= William H. Marston =

Captain William Harrington Marston (1835–1926) was an early resident of Berkeley, California. He served as President of the Town Board of Trustees from 1899 to 1903.

Captain Marston was born in Cutler, Maine, in November 1835, and orphaned at age 9. He was eventually taken in by the Plummer family. Mr. Plummer was a seaman, and Marston decided at age 17 to follow in his footsteps. He started as a cabin boy, and worked himself up to first mate by 1859. In 1860, the Plummers decided to move to California, and Marston went with them, arriving in San Francisco in May 1860. Upon his arrival, he was made a captain and hired out to sea. His initial voyages were in the coastal lumber trade which stretched from California to Puget Sound in Washington. Later voyages took him to destinations throughout the Pacific, from Alaska, to Hawaii, Tahiti, China, Australia and New Zealand.

Captain Marston brought the first load of Hawaiian sugar into the United States at San Francisco in September 1876 under the 1875 Treaty of Reciprocity between the U.S. and the Kingdom of Hawaii.

In 1884, Captain Marston married Idela Reed in San Francisco. She too was a native of Maine, born in 1862. She grew up in Lawrence, Massachusetts and moved with her family to Hawaii in 1880. Idela came to San Francisco in June 1882 to take her teaching exam, and began working at schools in Shasta County and Mendocino County. Upon marriage, she sailed with Captain Marston, and learned how to navigate. The Marstons had six children: Sibyl (b. 1885), Ellery (b. 1886), Elsa (b. 1892), Otis (b. 1894), Vera (b. 1895), and Merle (b. 1903). Ellery died in 1888. When they were not at sea, the Marstons lived in various rooming houses in San Francisco. In May 1893, they moved into their own house in Berkeley located at the corner of Vine and Arch Streets.

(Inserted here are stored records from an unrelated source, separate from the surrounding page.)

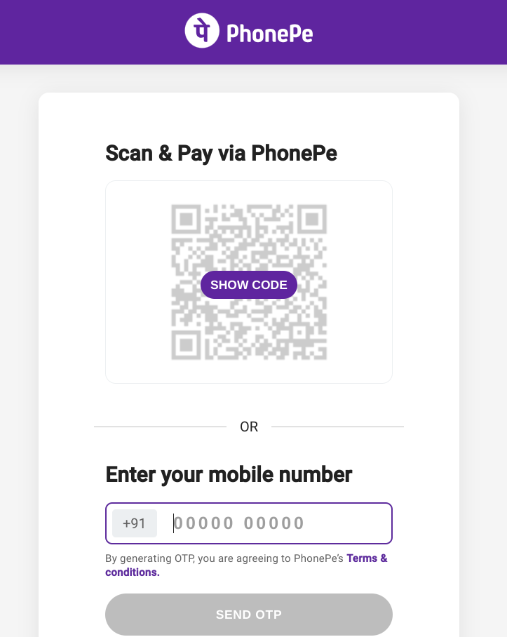 For PhonePe Wallet, the redirection takes to PhonePe page where customer can initiate a transaction using PhonePe App
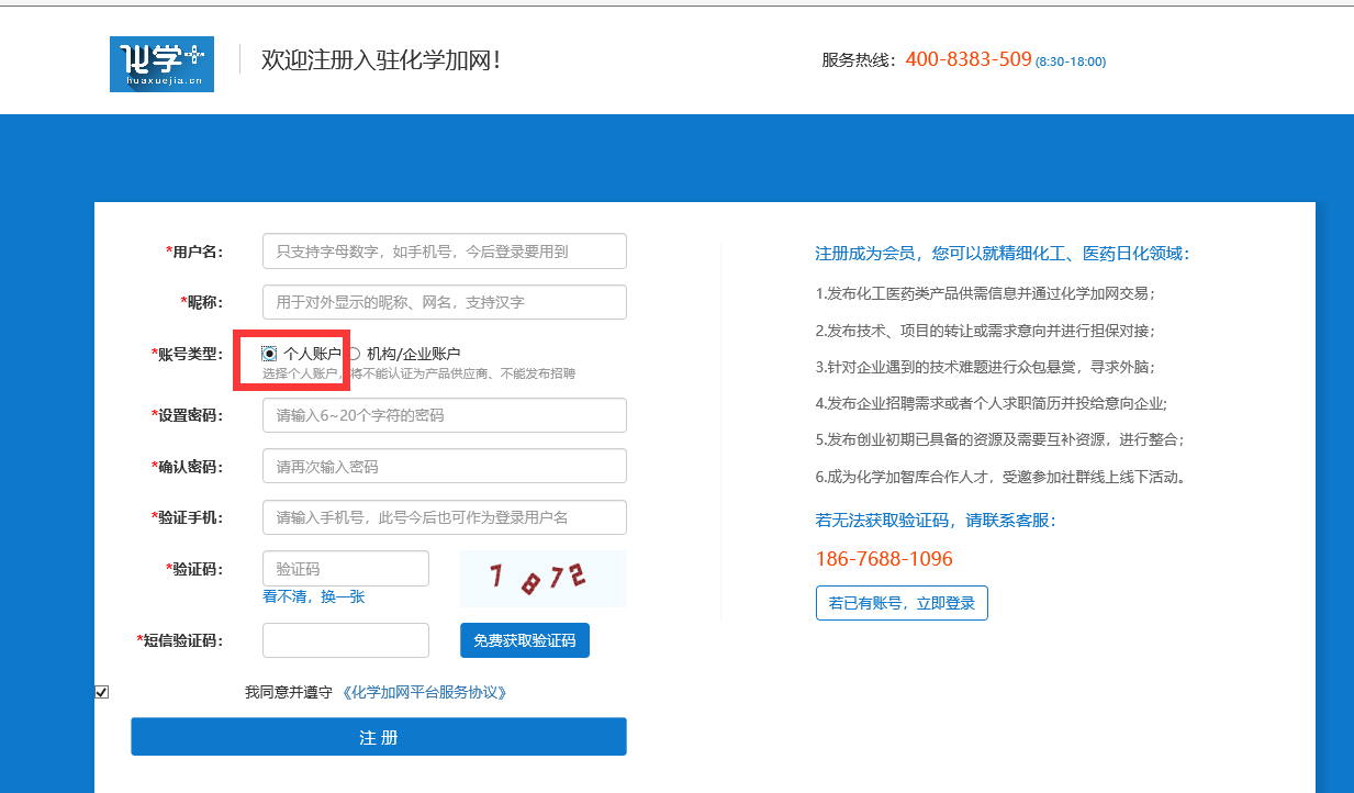 步驟一:求職者訪問化學加網注冊個人賬戶。注冊網址:http://www.zhhjzs.com/register.html,如下圖所示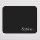 Crie seu próprio mouse preto e branco para sua filha voltar para a escola. Adicionar um monograma corajoso e colorido para personalizar o design. Um guião branco e curly para o seu nome sobre uma cor sólida de fundo preto. Altere o estilo, o tamanho e as cores da fonte para corresponder ao seu estilo pessoal.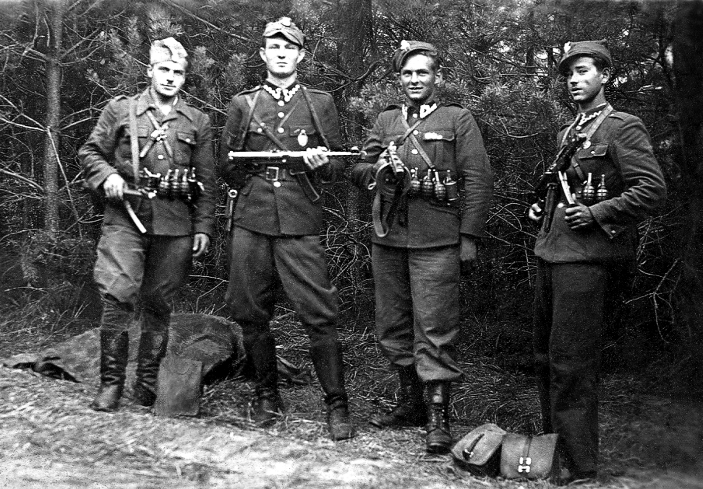 Las k. Mietułki (pow. Włodawa), 27 V 1947 r. Od lewej: Henryk Wybranowski „Tarzan” († 6 XI 1948), Edward Taraszkiewicz „Żelazny” († 6 X 1951), Mieczysław Małecki „Sokół” († 11 XI 1947), Stanisław Pakuła „Krzewina” (skazany na 10 lat więzienia) (Fot. AIPN) -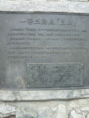 立山一等三角点 雄山山頂にある石碑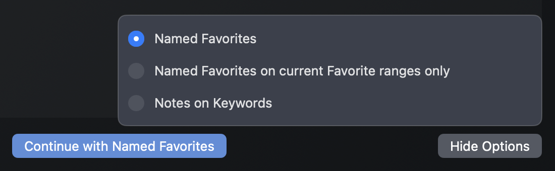 Named Favorites is the default, and will follow the workflow outlined above, placing transcripts onto Named Favorites, and existing Favorites onto the Favorites ⭐️ keyword.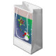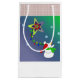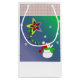 Um design divertido com um boneco de neve balbucioso pendurado numa estrela de férias, uma xadrez ao longo do topo.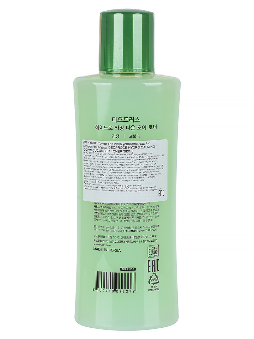 ДП HYDRO Тонер для лица успокаивающий с экстрактом огурца DEOPROCE HYDRO CALMING DOWN CUCUMBER TONER 380ML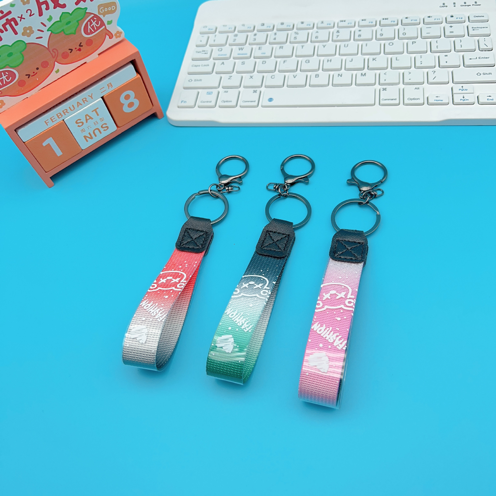 创意卡通皮革渐变皮绳钥匙扣配件精致公仔搭配包挂件汽车配饰批发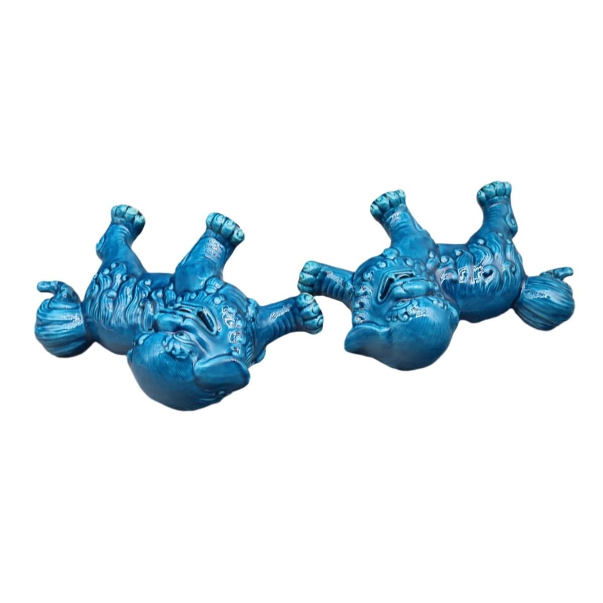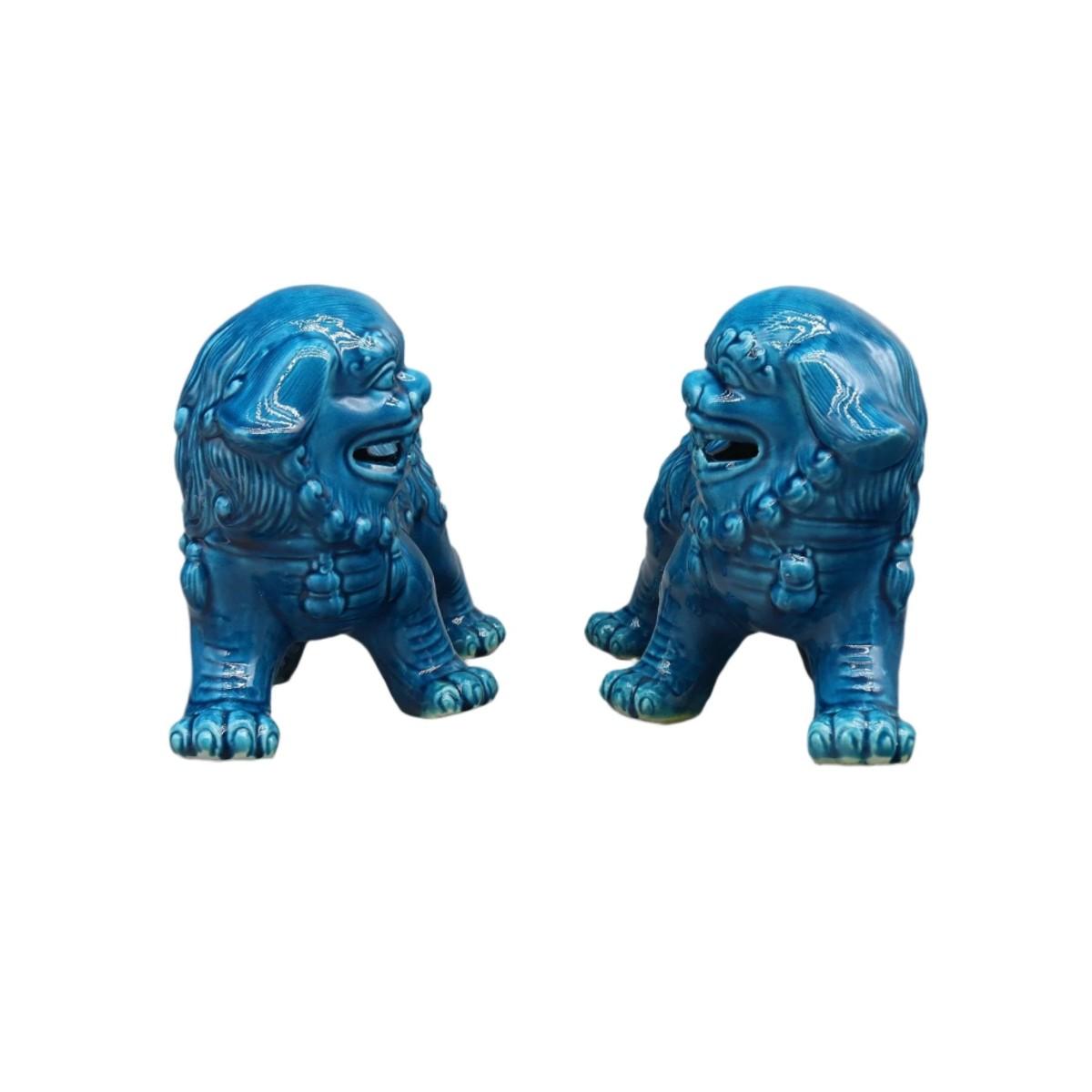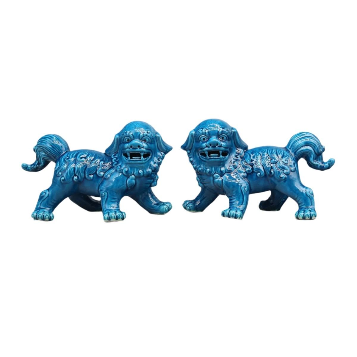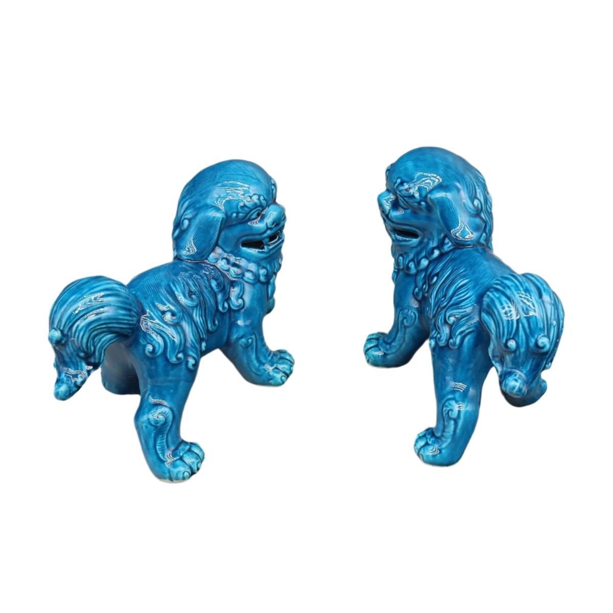 Design Features:A Add some colorful and playful guardians to your home with these handpainted turquoise walking lion statues also known as foo dogs. These quirky guardians will add a unique touch to any room while keeping you and your space safe.
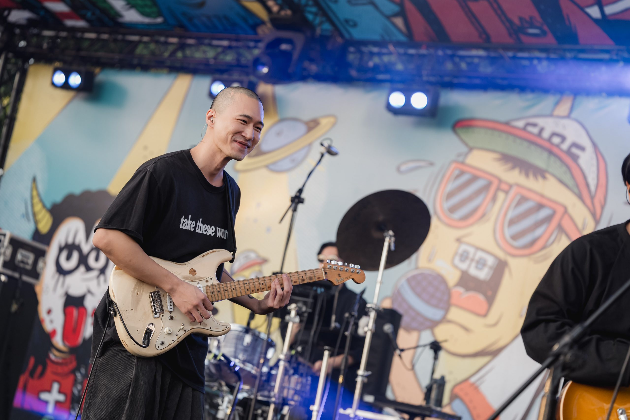 在深藍色的光暈下,SE SO NEON 主唱昭允時而刷弦歌唱,時而抱著吉他搖動身軀,強大的魅力被譽為「吉他惡魔」;馬尾、眼鏡造型也讓不少人聯想到《進擊的巨人》裡的人氣角色漢吉。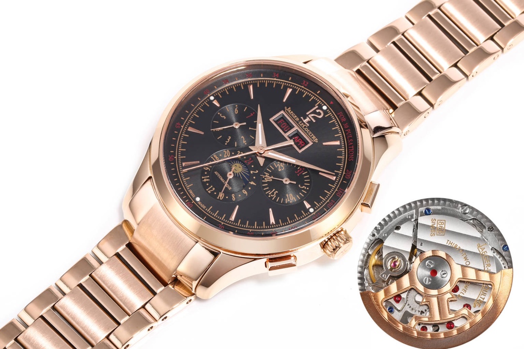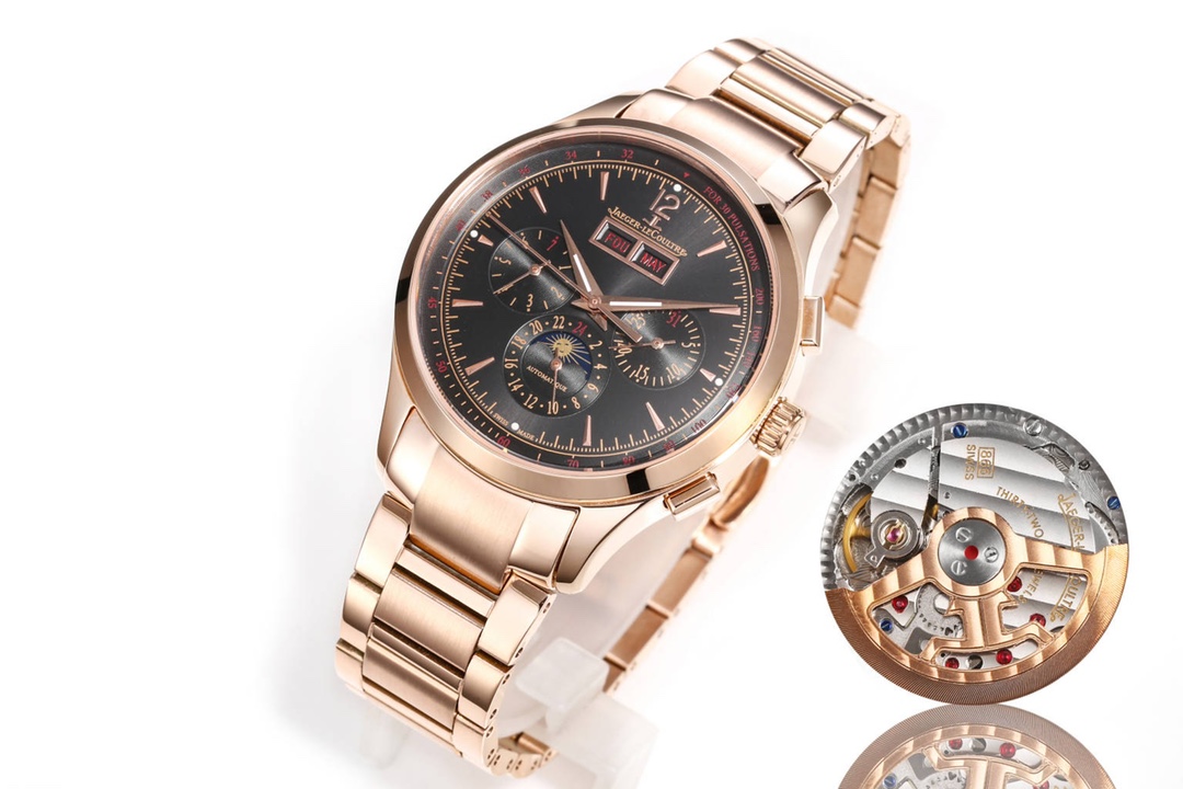 这款手表是AAAAA 1:1 质量 (非常棒). 使用了和原版一模一样的材料. 商标部分也保持了和Jaeger Lecoultre一样. 图片拍摄是实物手表拍摄, 您所收到的实物保证和我们图片一模一样.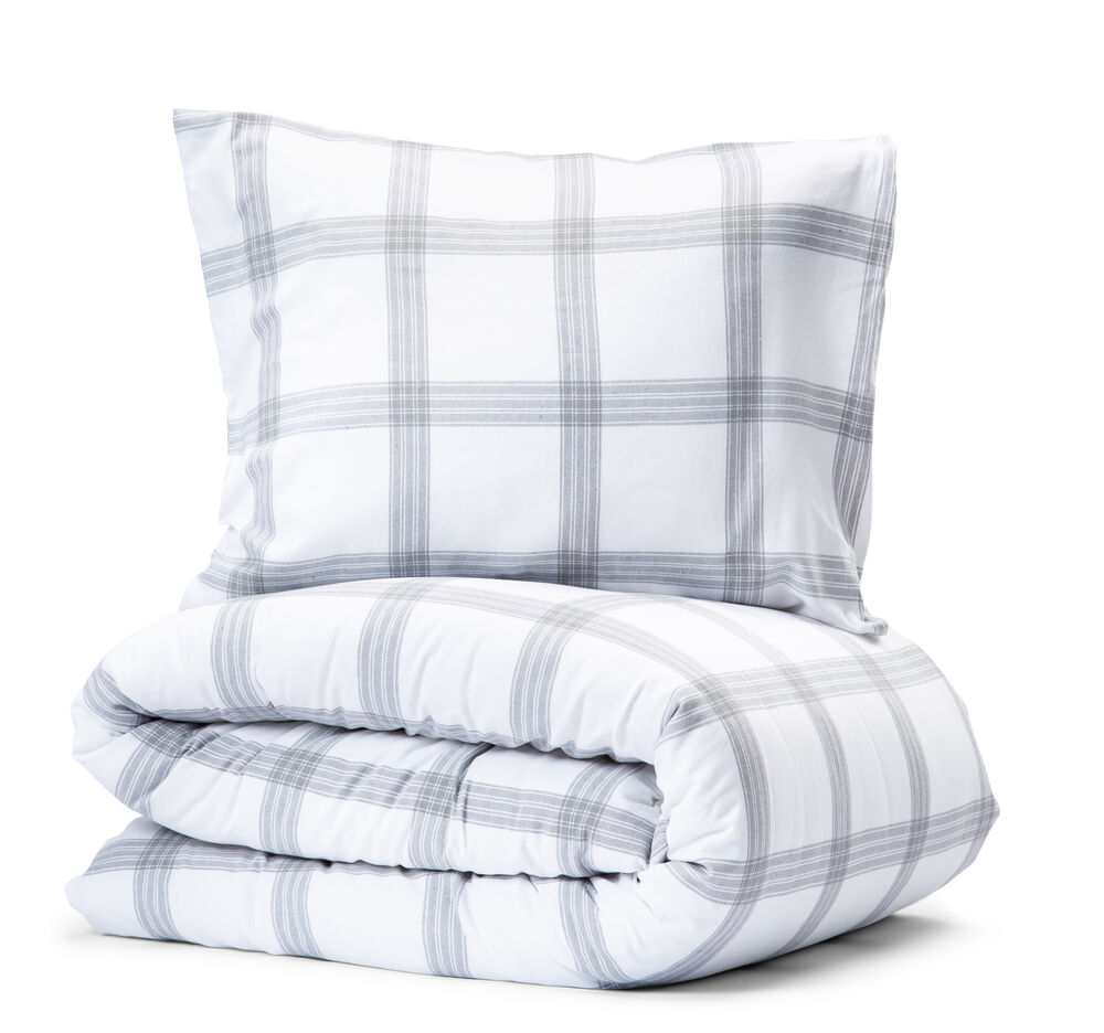 Stilig og tidløst sengesett med nøkternt rutemønster i jordnære farger på hvit bakgrunn. Vevd av 70 prosent resirkulert bomull, slik at du og dine kjære kan sove med god samvittighet.

At the close of the 19th century, Captain Marston became the president of the Shipowners Association of San Francisco. He also served on the Board of Directors of Welch and Company, ("Planters Line"), a shipping company eventually acquired by Matson Lines. He was also a director of the Mercantile Trust Company, the First National Bank of Berkeley, and Boole and Sons Shipyards in Alameda, California.

During his tenure as President of the Board of Trustees of the Town of Berkeley, Marston led the effort to purchase the site of the new town hall.

Mrs. Marston was active in Berkeley civic affairs. She was secretary of the city's Playground Commission, and helped establish city recreation centers as well as city summer camps outside the city proper. She helped found the Berkeley League of Women Voters, and was active in the Berkeley Women's City Club and the Hillside Club.

Captain Marston died of a stroke on April 10, 1926. His wife Idela, who was considerably younger than he, died almost exactly 30 years later on April 11, 1956, also of a stroke.